Ramblings on Testing and the Advances of AI Systems.

11th March 2025

Tomorrow marks my 13th anniversary at work - and it has been a great 13 years. I have been lucky enough to work on many great problems, and fascinating technologies. I am excited to see new horizons and frontiers arise in my sector, and thinking about the future is more interesting as a result. Today I am sitting at home with no functional electricity, waiting for some power upgrades to be completed, so I am mulling over the things I have learned so far in my career, and how they apply to the technologies I see growing right now.

My time has been devoted to enabling our software engineers as they work on some of the biggest challenges our industry faces; from compilation to acceleration, heterogeneous architecture to safety systems, debugging to software standards, and from graphics to AI. My role in all of this has been to ensure that we could work effectively and at pace. My primary areas of focus are Testing and Security, two disciplines that go hand in hand, and have steered me well throughout the incredible journey we took as my employer grew and evolved.

We focus on technologies related to AI and HPC, and while the challenges of HPC are fairly well understood at this point I think we are just starting to scratch the surface of “AI”, especially given the broad subject area that such a small acronym actually covers. I do not work anywhere near the frontiers of AI, my understanding of the technologies used by AI labs is sadly limited, but I look at how the technologies we do work with affect various parts of the stack and spend a lot of time thinking about how the concepts of Testing and Security affect (and are affected by) the pursuit of “AI”. As a parent to young children I also can’t help but ponder the realities of learning and how they connect.

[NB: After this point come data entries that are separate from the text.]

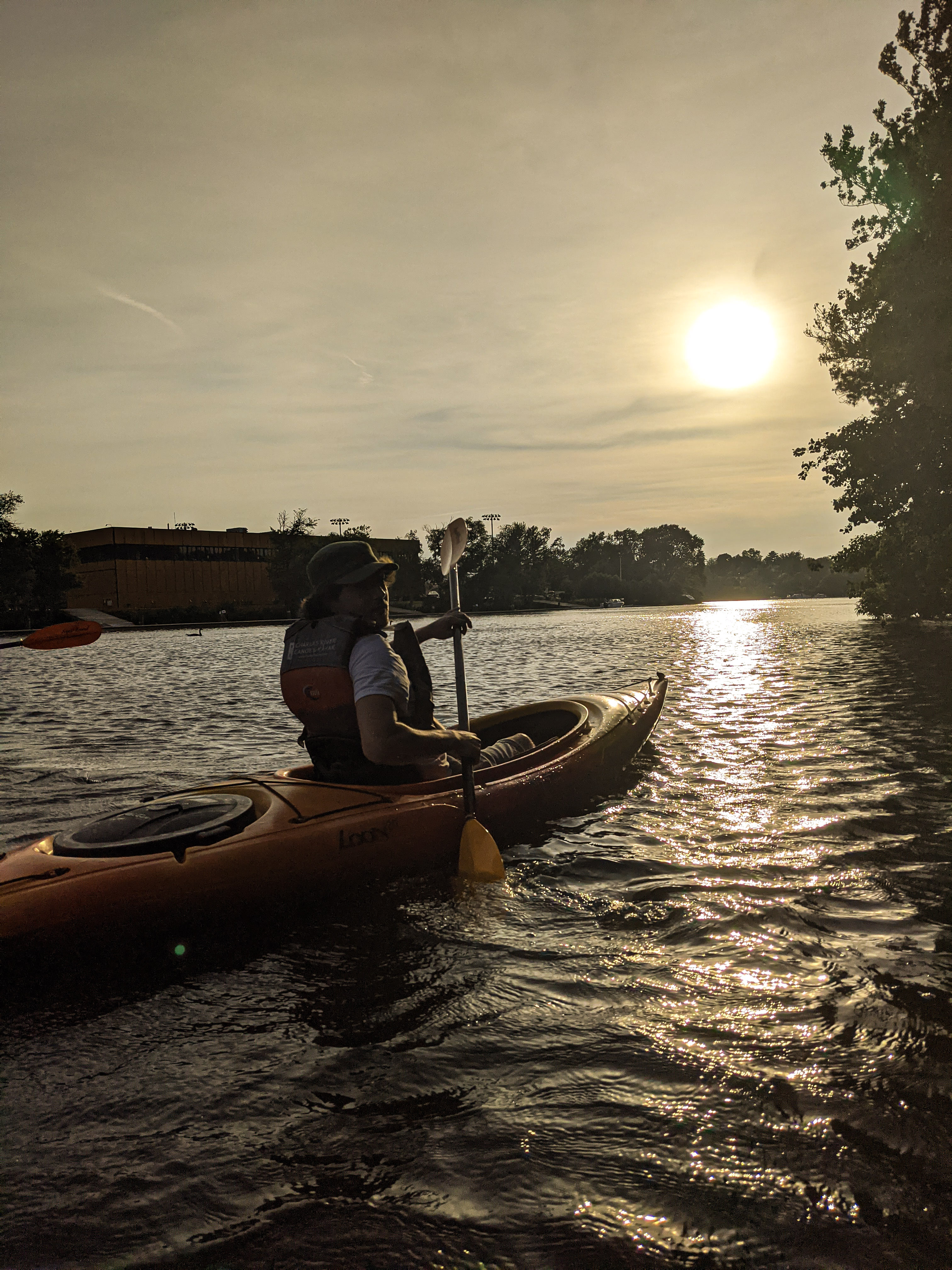 Kayaking or canoeing along the Charles River
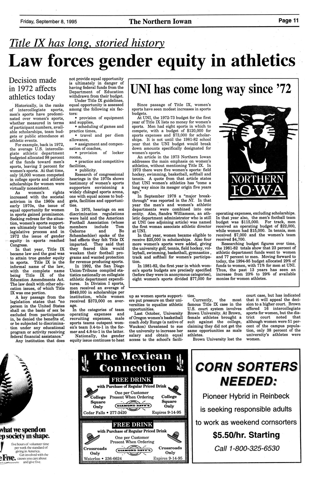 UNI has come long way since '72 Traces history of changes relating to gender equity in athletics at UNI.
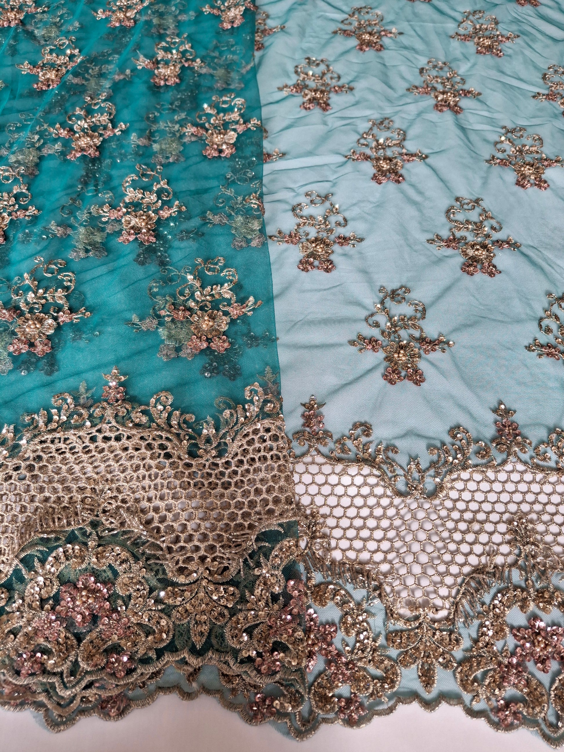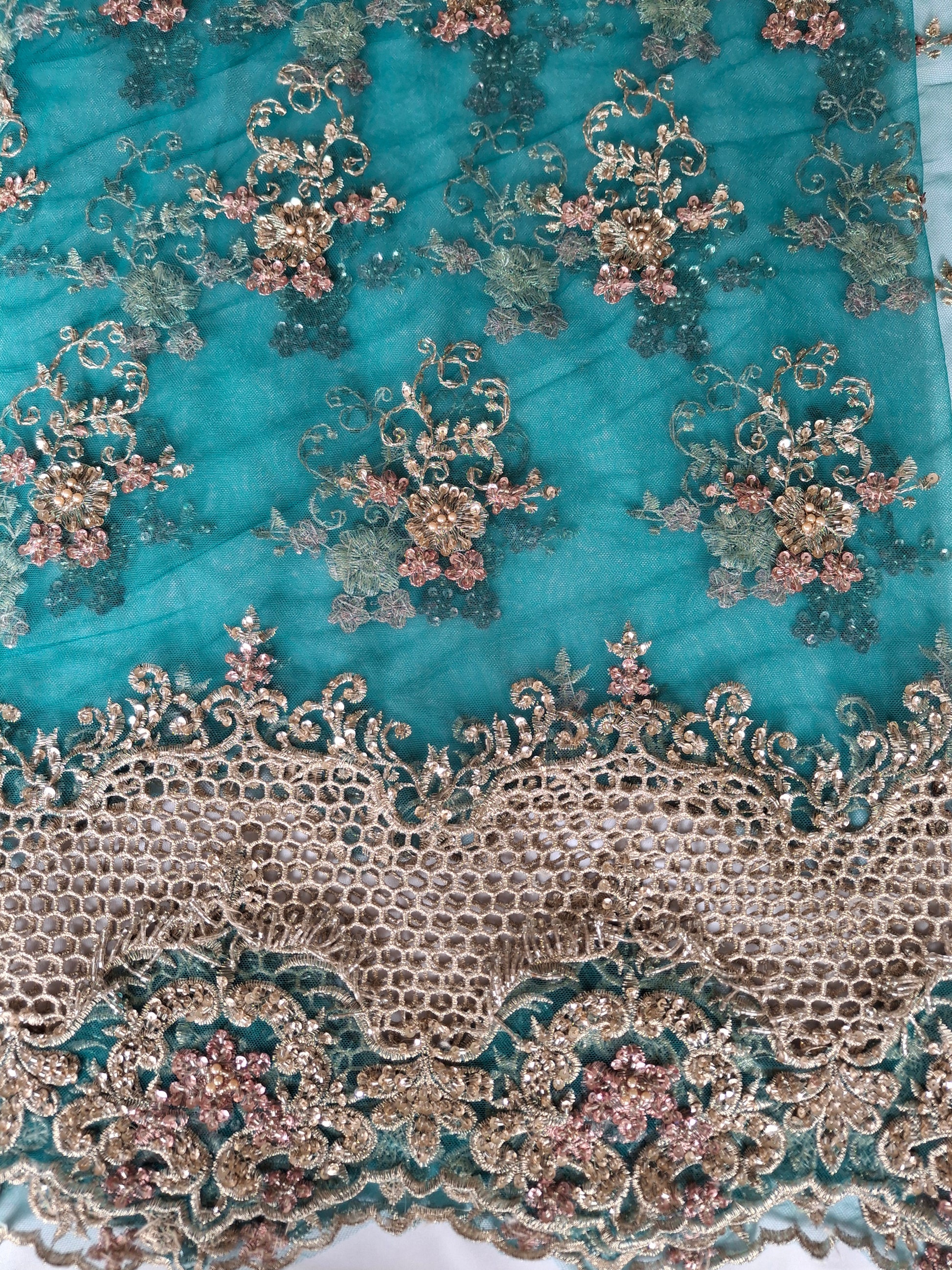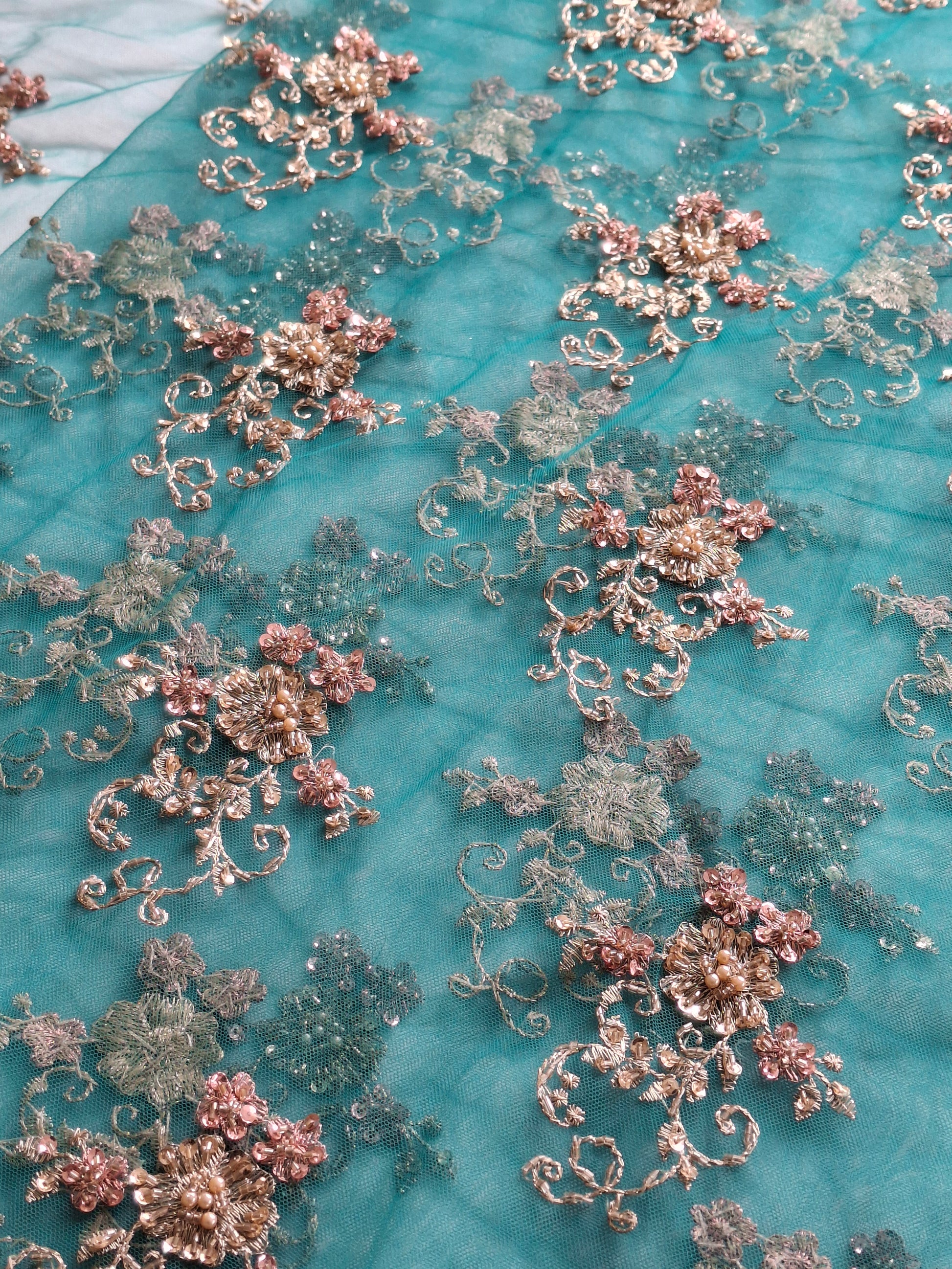 This premium embroidered net fabric features a rich sea green base adorned with golden threadwork, sequins, and delicate green floral highlights. The intricate design combines floral patterns with mesh detailing, creating a luxurious and elegant look.
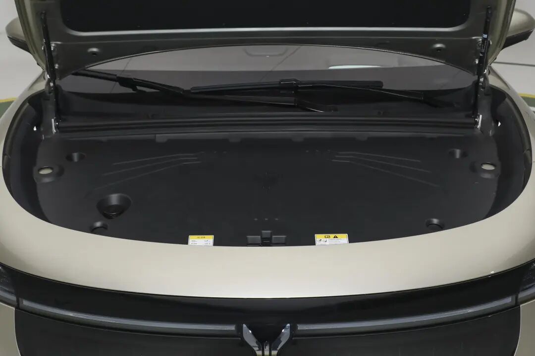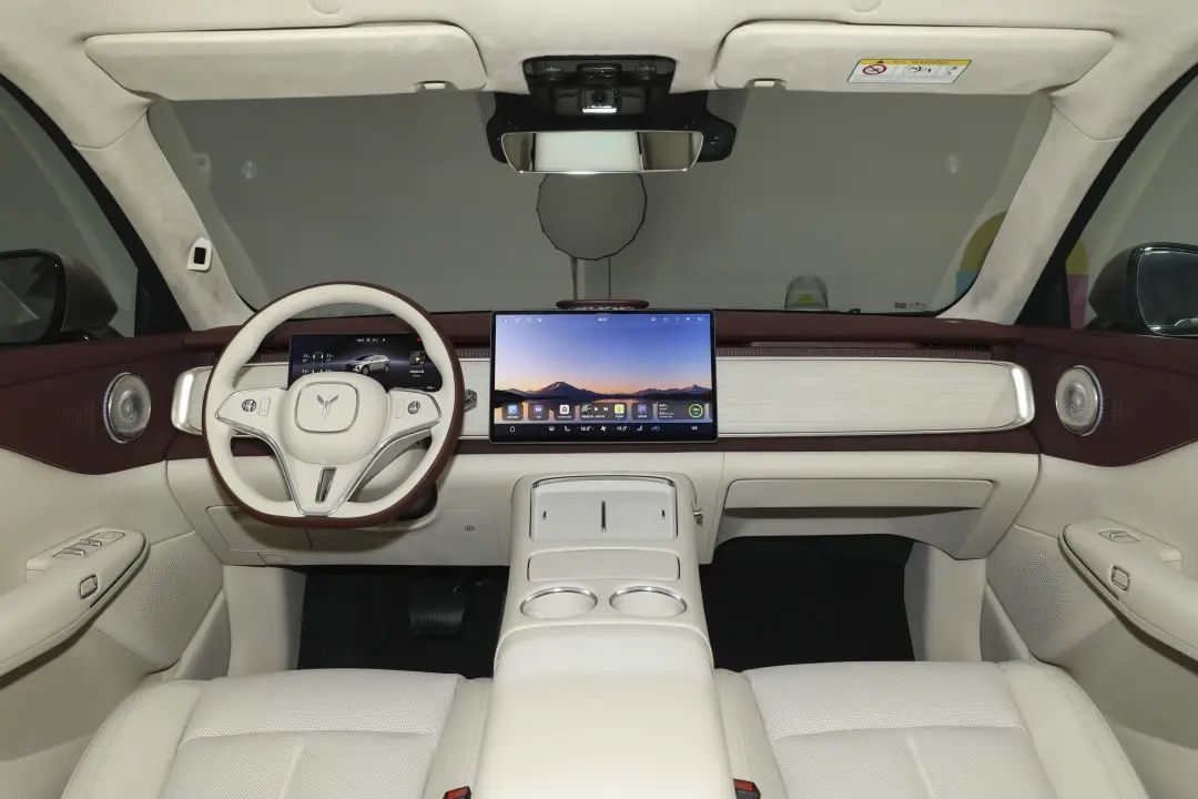 内饰方面也是比较简洁的风格,提供有三幅式多功能方向盘、悬浮式全液晶仪表盘、悬浮式中控屏以及电子怀挡,操作台部分设计有无线充电面板以及杯架,中控运行的是鸿蒙座舱HarmonySpace 5系统,搭配的是高通骁龙8295芯片,功能性和流畅度都有出色的表现。
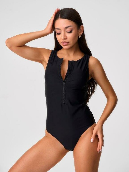 Слитный купальник с чашкой soft bra на подкладе. Без каркасов и боковых корсетных вставок. С молнией на передней части купальника. Тонкие резинки, подгиб и плоский шов по вырезу  горловины, рукам и ножкам.
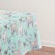 Tablecloth com um padrão bonito com lhamas brancas. Um está deitado, um está segurando uma flor na boca dele, e um está olhando para você desconfiadamente. Estes animais têm um grande caráter encantador.
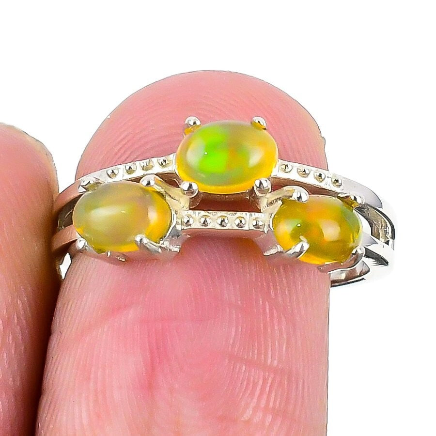Ethiopian Opal Stone Solid Sterling Silver Engagement Cluster Ethnic Ring Size 8
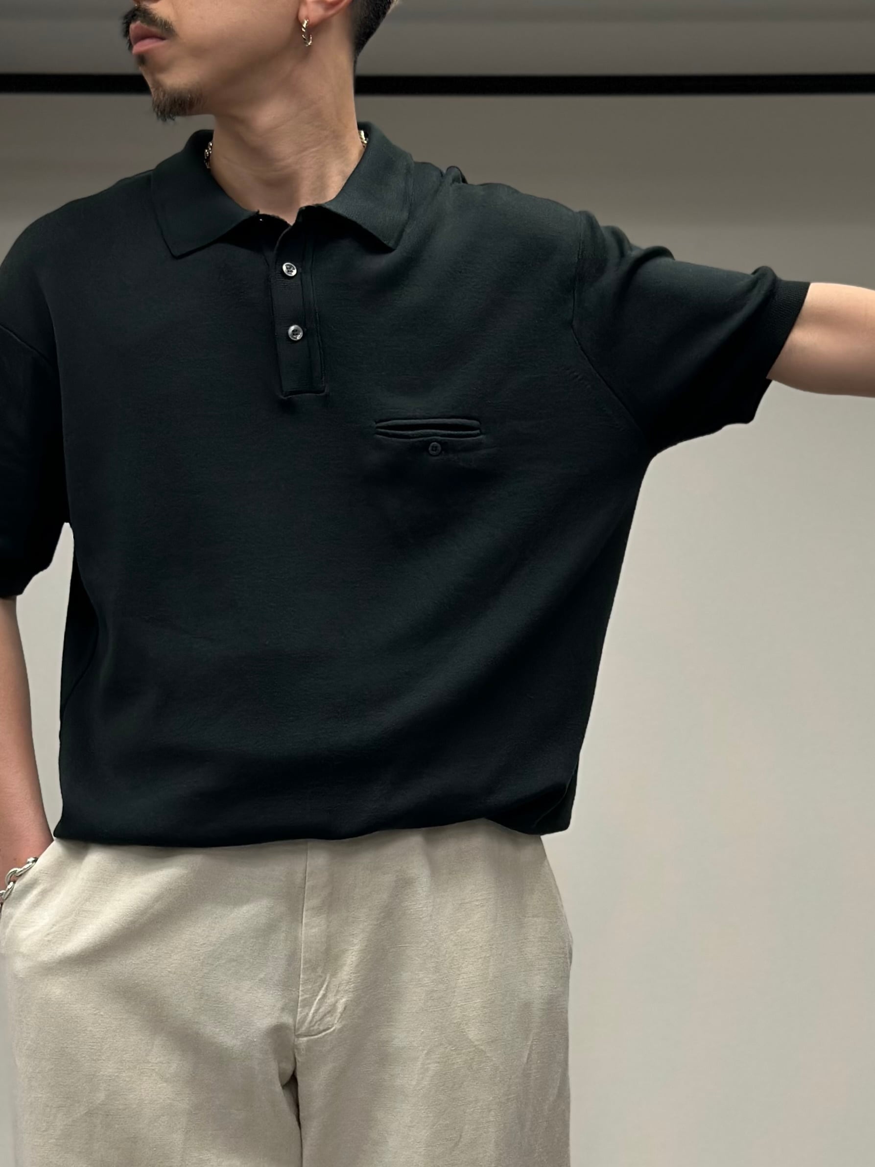 GaranのバンロンファブリックのS/Sニットポロシャツ。
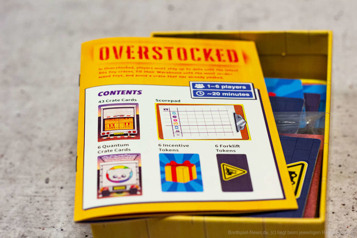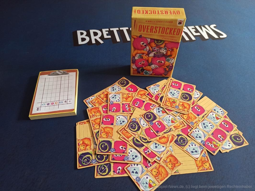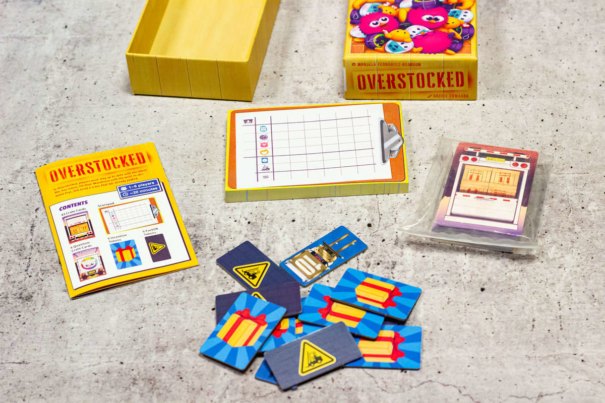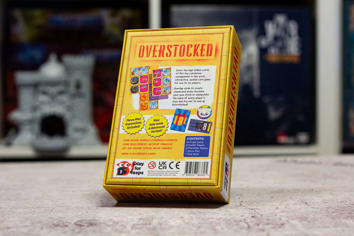 „Overstocked“ ist ein kleiner Geheimtipp und eignet sich wunderbar als Eröffnungsspiel oder Absacker für einen Spielabend und ist dabei auch für Vielspieler geeignet. Es ist nur leider schwierig zu erhalten, da der Kickstarter mit 447 Unterstützern nicht sonderlich erfolgreich war.
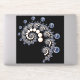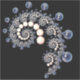 A marfim e as pérolas azuis espiralam dentro de uma espiral sobre um fundo preto.
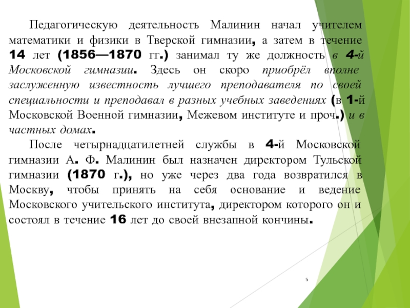 Слайд 5 Педагогическую деятельность Малинин начал учителем математики и физики в Тверской гимназии,

When we look from a layperson’s perspective at the way that AI labs are training their large language models we see a straightforward and familiar concept - they take a large corpus of text, and let the system read it - connecting words, concepts, finding patterns, storing associations. Of course there is nothing straightforward about the implementation of these steps, and the work being done in that area is mind-blowing, but my attention immediately goes to the data being used. The largest models seem to be trained on huge volumes of data, glibly referred to as “The Internet”, I understand this to be a huge glut of forum posts, scanned books, social media, reference websites, and all sorts. This data seems to serve a dual purpose - both teaching the rules of communication, and also providing the information to be considered and connected together. But I wonder, would I want my young children to learn simply by giving them unfettered access to this same data source? When someone refers to “The Internet” in such broad terms you might likely expect a forthcoming rant about horrifying hives of scum and villainy, or a delightful outline of learning and community. Is this apparent duality just a reflection our own personal bias? If I could personally read all of this data would I become incredibly wise?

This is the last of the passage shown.